Containers as kernel objects
Containers as kernel objects
Posted May 26, 2017 23:16 UTC (Fri) by nix (subscriber, #2304)In reply to: Containers as kernel objects by mezcalero
Parent article: Containers as kernel objects
(Side note: at least one NFS developer is a sysvinit user. The likelihood of upcalls going away from NFSv4 in favour of just throwing everything at PID 1 is thus essentially nil, though it is possible that a PID 1-throwing *option* might be added. Removing everything in favour of your proposed PID 1 approach would break every non-systemd system out there, and also systemd systems too old to understand whatever this upcall request might turn out to be. Some people really do have existing systems to maintain and don't want gratuitous breakage of this sort of thing, thanks!)

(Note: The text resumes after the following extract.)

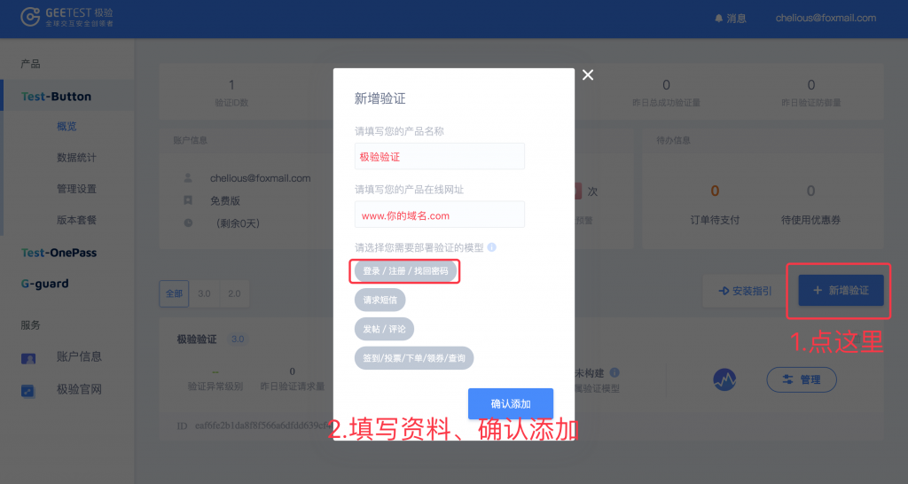 然后点击Test-Button的进入,接下来需要三步部署验证服务:生成ID->下载Sdk->部署验证。

Posted May 26, 2017 23:56 UTC (Fri)
by walters (subscriber, #7396)
[Link] (7 responses)
Posted May 28, 2017 0:06 UTC (Sun)
by nix (subscriber, #2304)
[Link] (6 responses)
Posted May 28, 2017 15:17 UTC (Sun)
by MattJD (subscriber, #91390)
[Link]
If having several daemons running is an issue, an alternate daemon could do the systemd's part, by listening and then launching the appropriate daemon on a notification.
I think Lennart was saying how systemd could implement it, using it's existing functionality. Nothing in that example implies to me you have to run systemd, nor have the listener be PID 1 if you are willing to reimplement some functionality.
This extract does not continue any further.